Depósito legal: GR 1294-2016
ISBN: 978-84-16485-89-5
Impreso en España· Printed in Spain
A mi querida hermana Marian, la mujer con los ojos color verde esperanza más bonitos del mundo, con el deseo de que todos sus sueños se hagan realidad.
Mi tesoro
Abrió los postigos oxidados. Necesitaba que entrara un poco de luz en la cámara. Fue muy cuidadoso a la hora de hacer el mínimo ruido posible. Nadie podía saber que había pasado la noche en aquella casucha abandonada. Sus ansias de contemplarlo superaron al miedo de ser descubierto.
Desató los nudos de la cuerda con la que había cerrado el saco. Llegó de madrugada, tras conducir un montón de horas, y se aseguró de que nadie lo viera. Ya estaba... Se quedó completamente extasiado al ver su tesoro solo para él. Estaba un poco deslucido por encontrarse oprimido en aquel envoltorio tan inadecuado, pero aún así le pareció hermosísimo.

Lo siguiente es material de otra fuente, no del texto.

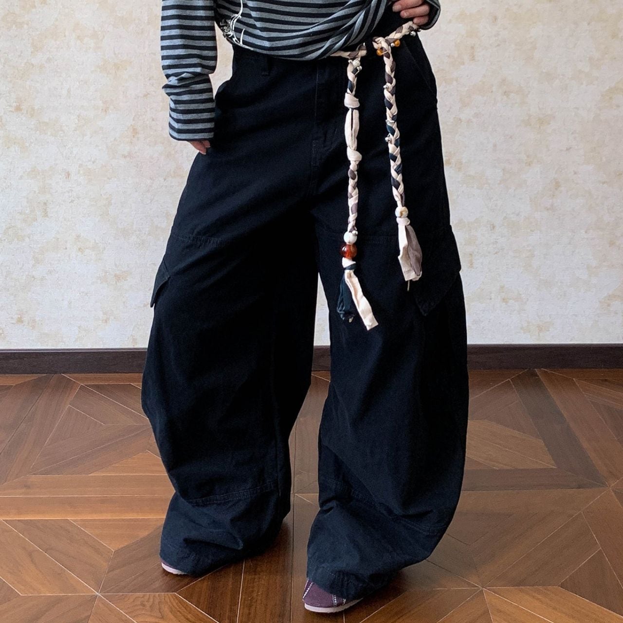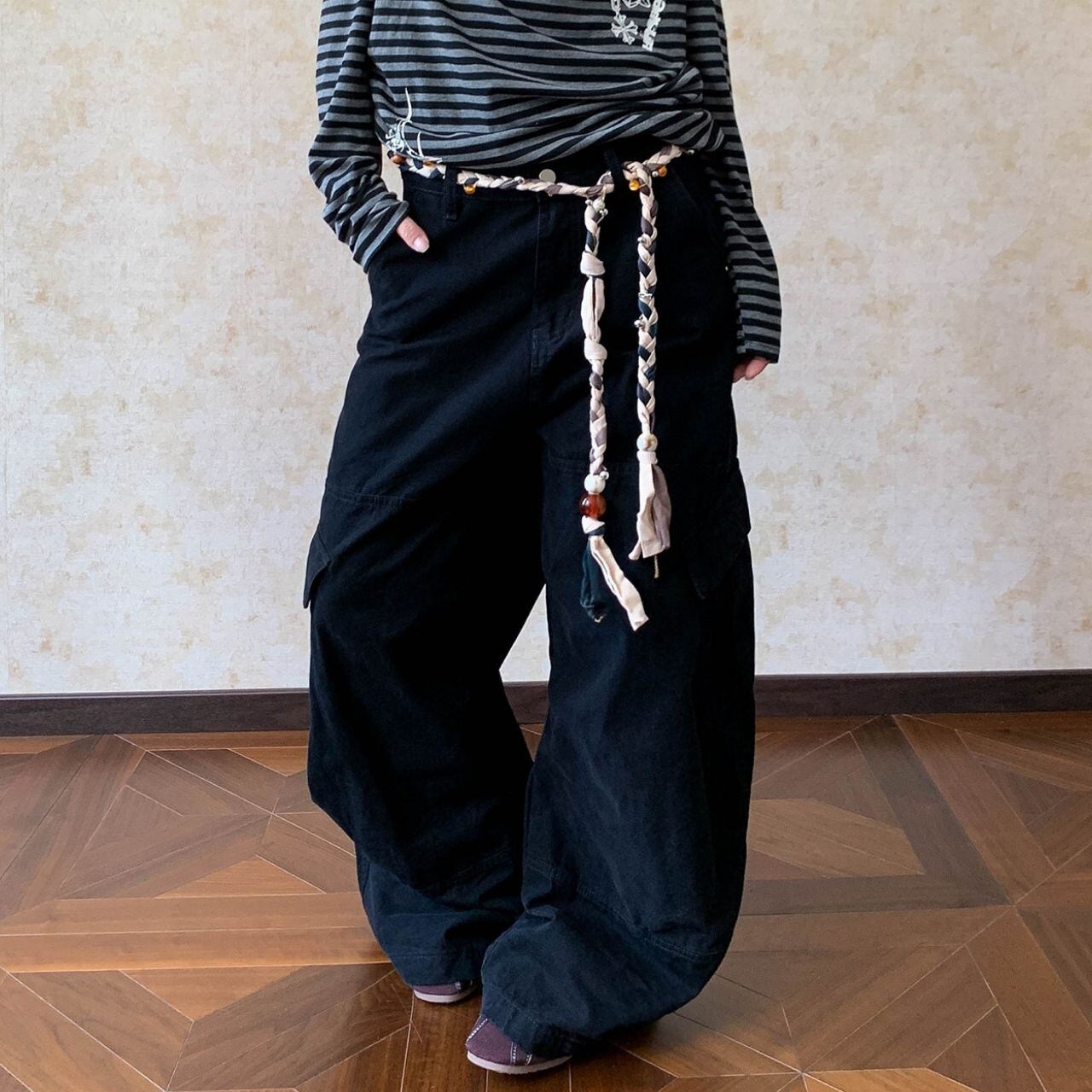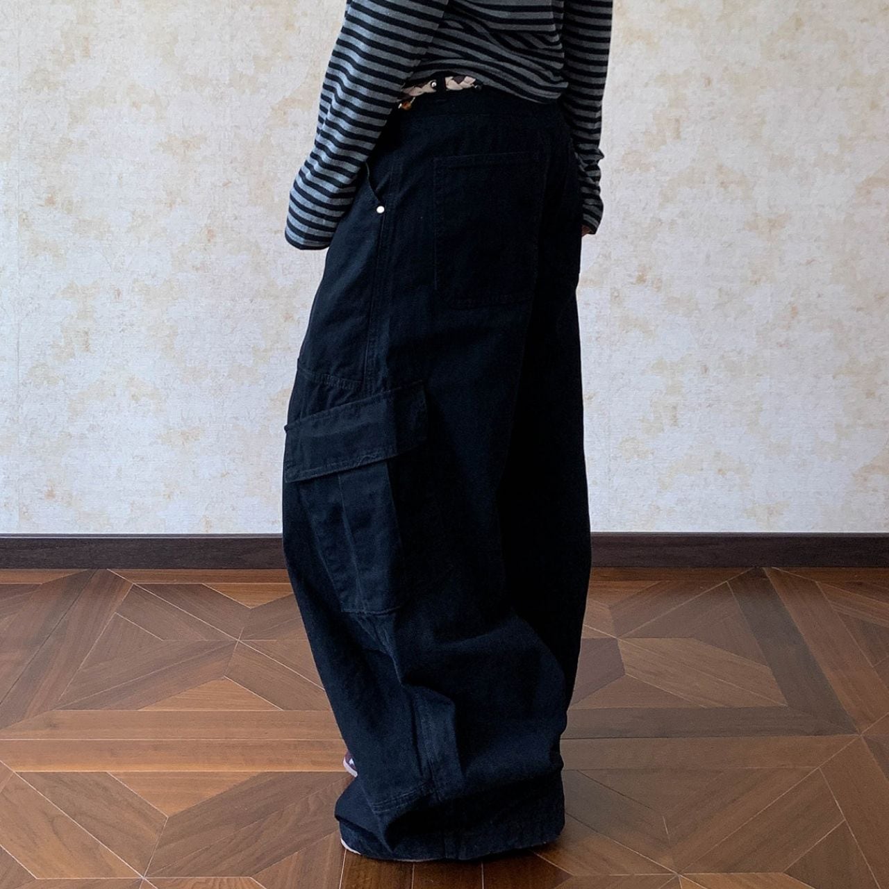 立体感のあるワイドシルエットが目を引く、ストリートライクなカーゴパンツ。

Todas las precauciones eran pocas. Sabía que ese capullo de Hernán lo seguiría al fin del mundo para recuperarlo. El muy hijo de puta estaba convencido de que le pertenecía. Tenía que haberle dado su merecido cuando se lo arrebató unos tres meses atrás. Desde entonces, había pasado muchas noches de insomnio ideando la forma de hacerse para siempre con él. Y por fin lo había conseguido. Se sentía el hombre más rico y feliz del mundo. Cuando todo el peligro hubiese pasado, iría a las Islas Caimán. Allí fue de viaje de novios y pasó los días más felices de su vida. Sí, allí se reuniría con su mujer. Solo tenía que esperar el momento propicio para llevarse su tesoro sin levantar sospechas.

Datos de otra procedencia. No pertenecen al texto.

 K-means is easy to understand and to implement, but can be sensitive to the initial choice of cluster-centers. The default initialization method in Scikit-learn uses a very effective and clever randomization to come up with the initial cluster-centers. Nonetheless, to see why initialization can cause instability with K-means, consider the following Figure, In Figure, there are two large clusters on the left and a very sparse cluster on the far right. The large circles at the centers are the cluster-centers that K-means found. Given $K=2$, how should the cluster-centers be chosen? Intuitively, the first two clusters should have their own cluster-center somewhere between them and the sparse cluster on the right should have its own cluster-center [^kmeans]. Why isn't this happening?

Lo volvió a cerrar. Hizo un esfuerzo sobrehumano para moverlo al lado de la puerta. Así le sería más fácil y rápido cargarlo en la furgoneta cuando cayera la noche. Escuchó un crujido. «Mierda, se había roto el saco por el exceso de peso. Bueno, no hay mal que por bien no venga», pensó. Ese saco maloliente y deslucido no era el mejor sitio para guardar su maravilloso tesoro. ¿Desde cuándo se guardaban los tesoros en sacos? Sí, eso era. Saldría a comprar un cofre de la mejor madera. Total, nadie lo conocía en aquel pueblo y no levantaría sospechas.
—¿Y dice usted que aparcó detrás de esos arbustos a las tres de la mañana? —preguntó González, sin soltar el pitillo de la boca.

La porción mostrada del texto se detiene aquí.